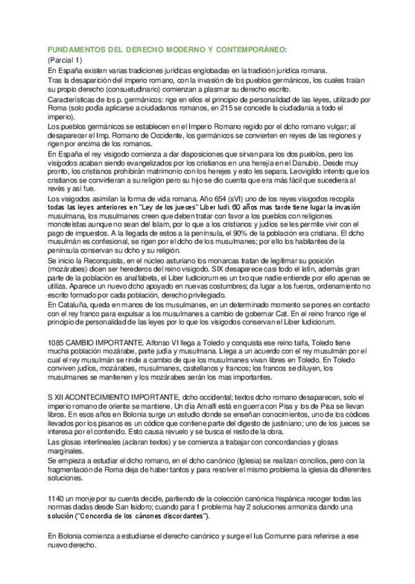 Estos apuntes los hice a partir del manual Compendio de Historia del Derecho (José Sánchez-Arcilla Bernal) - Curso 2022-2023
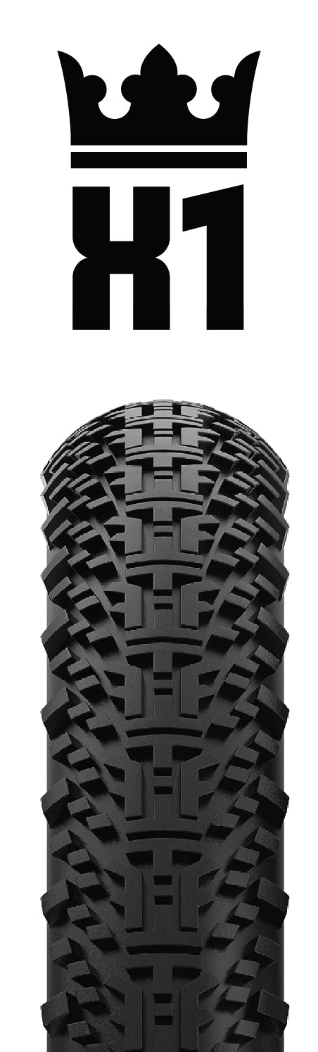 Introducing the latest addition to our lineup: the 'X1'. Designed as the next evolution of GRAVELKING with a more aggressive and race-oriented approach. From on-road to off-road adventures, commuting to gravel trails, and rough gravel to muddy terrain, the 'X1' offers a diverse range of tread patterns tailored to suit various riding styles. The X1's center tread is finely tuned for exceptional rolling speed, surpassing the rolling resistance of both the GRAVELKING SS and SK.
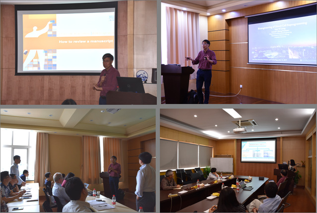 访问期间,Leong教授为澳门古天乐太阳集团官网师生带来了两场报告,分别为“Bioengineering of Direct Cellular Reprogramming”和“How to publish on Biomaterials”。报告会由刘昌胜主持。Leong教授首先介绍了直接细胞重编程技术。直接细胞重编程是指不经过中间干细胞的阶段,直接将成熟细胞从一个谱系经过重编程转化为另一个谱系,产生能应用于再生医学的细胞。它避免了药物及胚胎的使用,并最大限度地降低了将诱导的多功能干细胞应用于人体导致畸胎瘤形成的风险。它还可以产生用于疾病建模和药物筛选的细胞。随后,Leong教授介绍了目前他们的团队通过直接细胞重编程技术将人内皮祖细胞(hEPC)转化为诱导的平滑肌细胞(iSMC),将hEPC转化成诱导的骨骼肌细胞(iSkM),以及将人成纤维细胞转化成诱导的心肌细胞样细胞(iSML),并将小鼠成纤维细胞转化成诱导的神经元。在第二场报告中, Leong教授针对如何撰写学术文章以及文章投稿、审稿等大家关心的话题作了详细介绍。
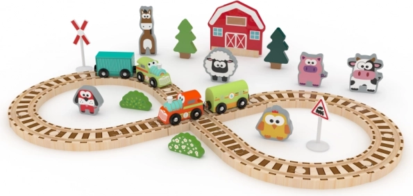 Oplev magien i en træverden med et bondegårdssæt på 35 dele, der udvikler børns fantasi og motorik. Indeholder skinner, tog, dyr, hus og træer af bæredygtigt træ, velegnet til børn fra 3 år.
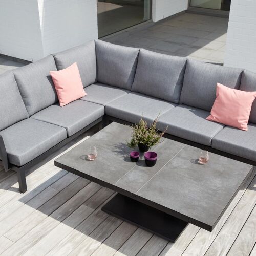Le salon de jardin Alcudia Alcudia complet est un véritable must-have pour votre terrasse. L'armature aluminium (gris) assure un design épuré. Les coussins en polyester de couleur (gris) sont compris dans l'ensemble. L'assise est prévue pour 6 personnes. Avec Le salon de jardin Alcudia Alcudia, vous profiterez de vos moments en plein air à un prix compétitif. Les dimensions sont les suivantes: L1 281.50 x L2 217 x D 86.50 x H 77 cm
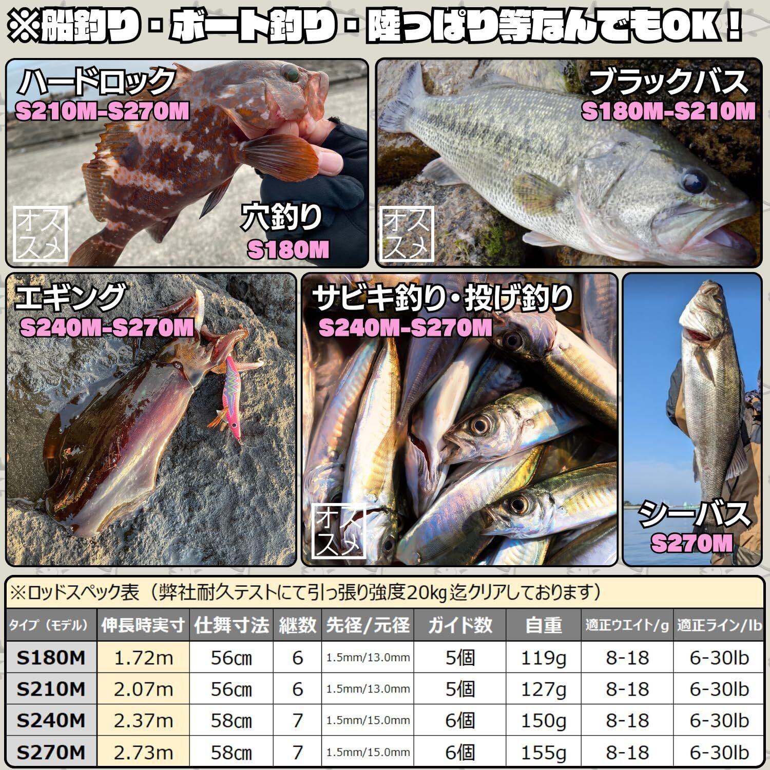 【商品仕様】詳細は商品ページのロッドスペック表をご確認くださいませ。(S180M:全長172㎝、5.6ft、自重119g、継数6本、仕舞寸法56㎝、適正ルアーウエイト8g~18g)(S210M:207cm、6.8ft、自重127g、継数6本、仕舞寸法56㎝、適正ルアーウエイト8g~18g)(S240M:全長237㎝、7.8ft、自重150g、継数7本、仕舞寸法58㎝、適正ルアーウエイト8g~18g)(S270M:全長273㎝、8.9ft、自重155g、継数7本、仕舞寸法58㎝、適正ルアーウエイト8g~18g)
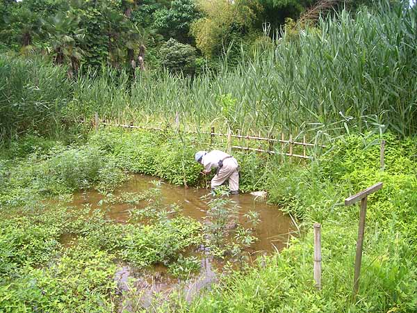下の田圃で、大きなアメリカザリガニがオタマジャクシを追いかけ回しているのを見つけて、これを捕獲しに田圃に入りました。
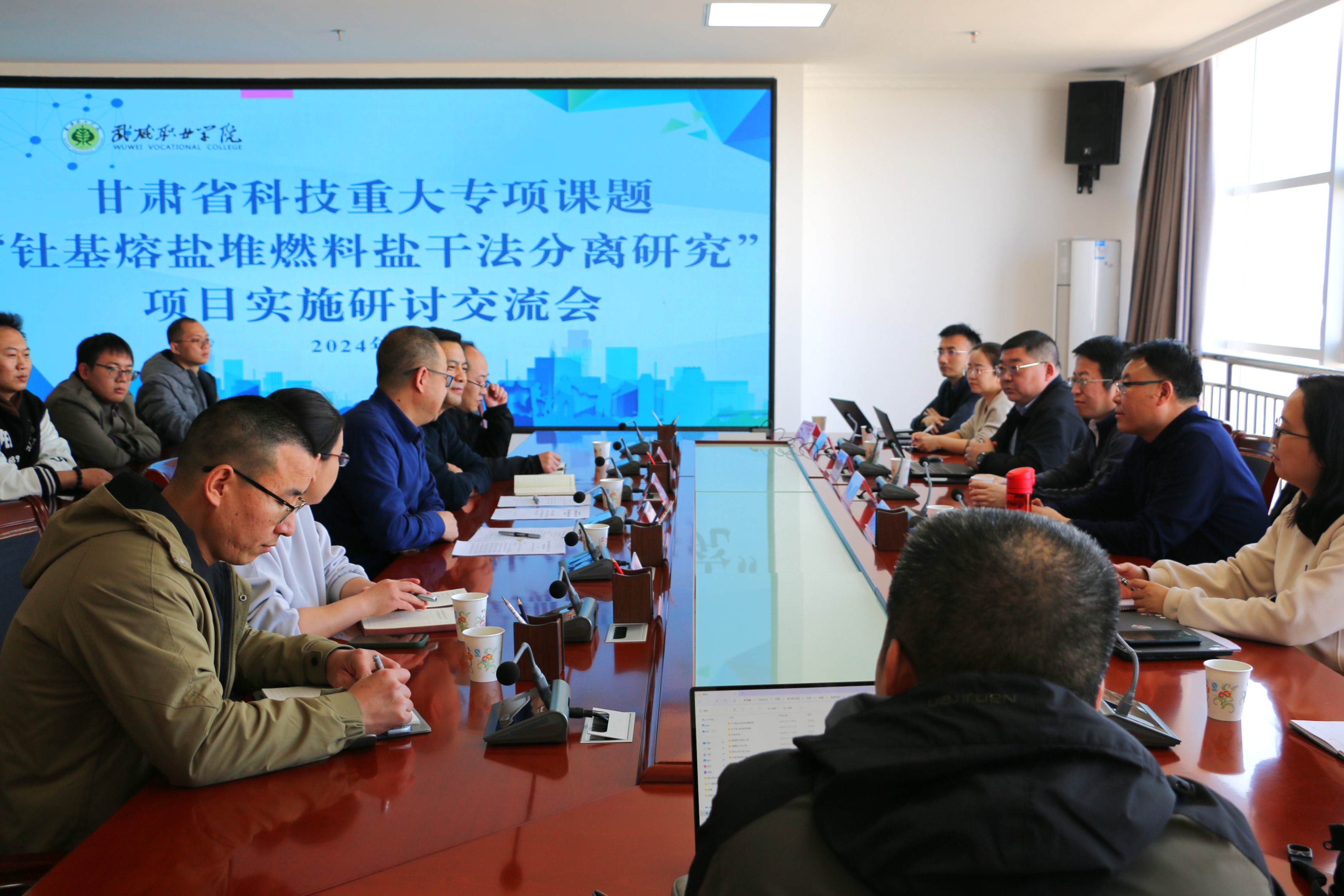 2024年3月11日,甘肅省科技重大專項課題“釷基熔鹽堆燃料鹽干法分離研究”項目實施研討交流會在武威職業(yè)學院能源科技樓811舉行。中科武威新能源研究所主任趙先堂,中國科學院上海應(yīng)用物理研究所主任龔昱一行15人,武威職業(yè)學院黨委副書記翟存祥出席此次會議。項目骨干、武威職業(yè)學院教師代表約50人參加此次會議。會議由中科低碳新能源技術(shù)學院副院長黃述杰主持。
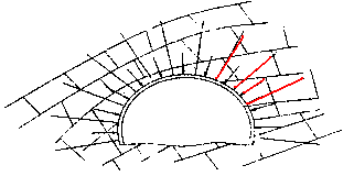 隧道是有一定圓弧形狀的,有圓弧,那就有直徑、半徑這些,所謂徑向也就是說(shuō)是按照直徑的方向來(lái)進(jìn)行鉆孔,如下圖所示:
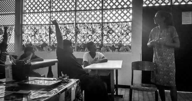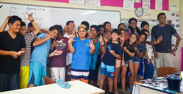 Au début, la maîtresse a demandé si j’étais déjà allée à l’école parce que je ne connaissais pas les rituels. Maintenant, je sais écrire la date en français, en marquisien (« Pô e ina / no uaòu MMXIX »), sauter une ligne, laisser trois carreaux pour la marge, me mettre en rang…
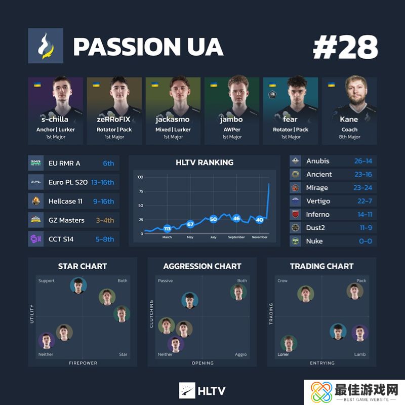 趣事:Passion UA是本次Major中最年轻的队伍,平均年龄为19.8岁,自今年2月签约以来,他们一直在进行一项被fear称为300天集训的活动,在波兰同吃同住,在短短的265天内打了362张地图。
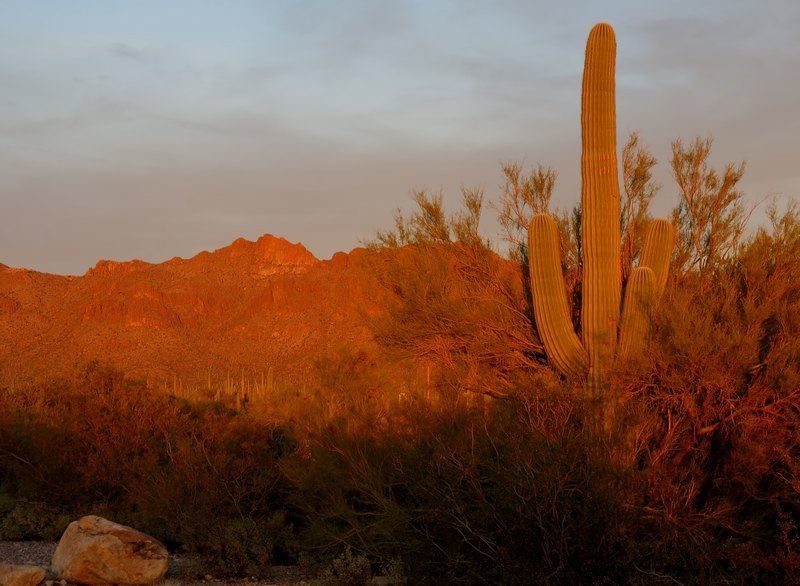 Petite soirée tranquille en prenant quelques couleurs du coucher de soleil sur les montagnes et les cactus puis repas et dodo, nous en avons besoin.
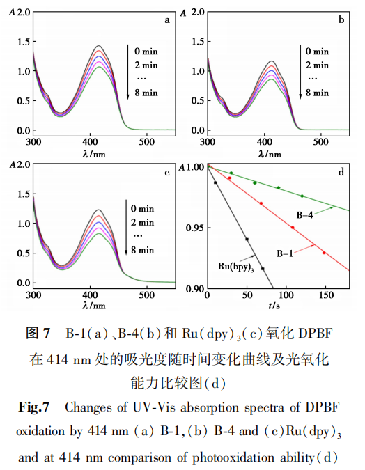 为了验证B-1和B-4敏化单线态氧的能力,测试了1,3-二苯基异苯并呋喃(DPBF)和B-1、B-4的光氧化反应。三重态光敏剂在光激发下能敏化(O₂)生成单线态氧(1O₂),DPBF作为1O₂的受体,通过监测414 nm处的吸光度值的变化来监测1O₂的生成过程。以Ru(bpy)3为对照化合物,测试了B-1和B-4生成1O2能力,随着照射时间的延长,位于414 nm处的吸光度值逐渐降低,说明B-1和B-4 均具有敏化单重态氧的能力(图7a、7b)。从动力学曲线中可以看出,B-1和B-4敏化单重态氧能力存在显著差异,B-1的光敏化能力强于B-4(图7d)。
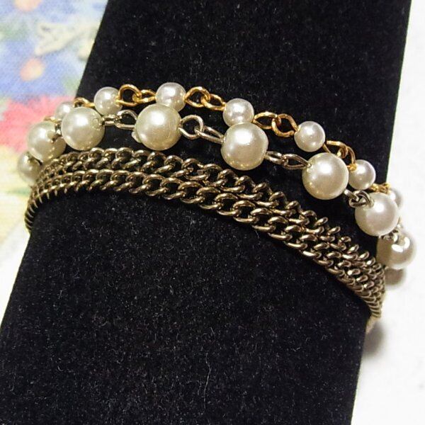 パール風ビーズとチェーンの4連ブレスレット ヴィンテージブレスレットのセール通販 10818BR
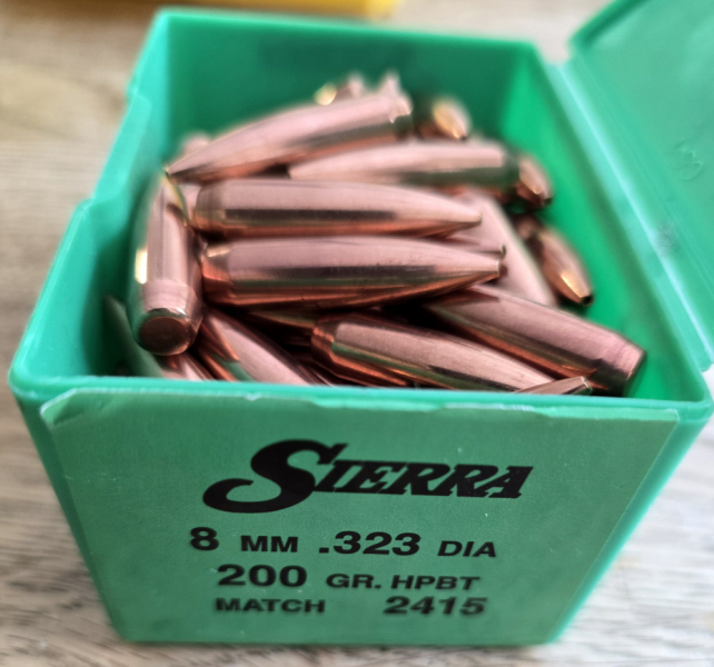 Moin. Ich verkaufe hier 85 Geschosse von Sierra, Kal. 8mm / .323 Dia, HPBT, 200 grs schwer.
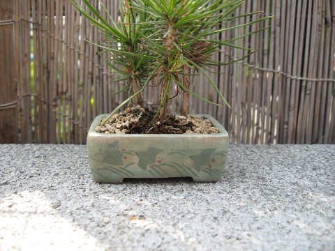 ↑昨年、相方さんが「カワイイ黒松盆栽を作る」ということで、相方さん所有の絵鉢に実生苗を植えました。
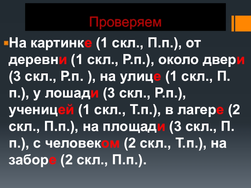 двери (3 скл., Р.п. ), на улице (1 скл., П.п.), у лошади (3 скл., Р.п.), ученицей (1 скл., Т.п.), в лагере (2 скл., П.п.), на площади (3 скл., П.п.), с человеком (2 скл., Т.п.), на заборе (2 скл., П.п.).
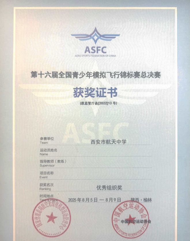 学校在第十六届全国青少年模拟飞行锦标赛中荣获优秀组织奖。
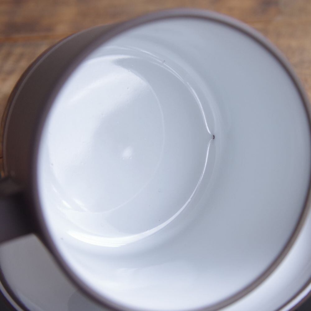 こちらのカップには、内側の底面に釉薬むらがあり、黒い点が見える箇所があります。

--------------------

- **WHAT YOU ARE ASKED TO DO**: While leaving pictures out, reproduce exactly the lines from the beginning of the listing above through the line containing "Oplev magien i", both ends included.

- **SOLUTION TO THIS EXERCISE**:
 Estos apuntes los hice a partir del manual Compendio de Historia del Derecho (José Sánchez-Arcilla Bernal) - Curso 2022-2023
 Introducing the latest addition to our lineup: the 'X1'. Designed as the next evolution of GRAVELKING with a more aggressive and race-oriented approach. From on-road to off-road adventures, commuting to gravel trails, and rough gravel to muddy terrain, the 'X1' offers a diverse range of tread patterns tailored to suit various riding styles. The X1's center tread is finely tuned for exceptional rolling speed, surpassing the rolling resistance of both the GRAVELKING SS and SK.
 访问期间,Leong教授为澳门古天乐太阳集团官网师生带来了两场报告,分别为“Bioengineering of Direct Cellular Reprogramming”和“How to publish on Biomaterials”。报告会由刘昌胜主持。Leong教授首先介绍了直接细胞重编程技术。直接细胞重编程是指不经过中间干细胞的阶段,直接将成熟细胞从一个谱系经过重编程转化为另一个谱系,产生能应用于再生医学的细胞。它避免了药物及胚胎的使用,并最大限度地降低了将诱导的多功能干细胞应用于人体导致畸胎瘤形成的风险。它还可以产生用于疾病建模和药物筛选的细胞。随后,Leong教授介绍了目前他们的团队通过直接细胞重编程技术将人内皮祖细胞(hEPC)转化为诱导的平滑肌细胞(iSMC),将hEPC转化成诱导的骨骼肌细胞(iSkM),以及将人成纤维细胞转化成诱导的心肌细胞样细胞(iSML),并将小鼠成纤维细胞转化成诱导的神经元。在第二场报告中, Leong教授针对如何撰写学术文章以及文章投稿、审稿等大家关心的话题作了详细介绍。
 Oplev magien i en træverden med et bondegårdssæt på 35 dele, der udvikler børns fantasi og motorik. Indeholder skinner, tog, dyr, hus og træer af bæredygtigt træ, velegnet til børn fra 3 år.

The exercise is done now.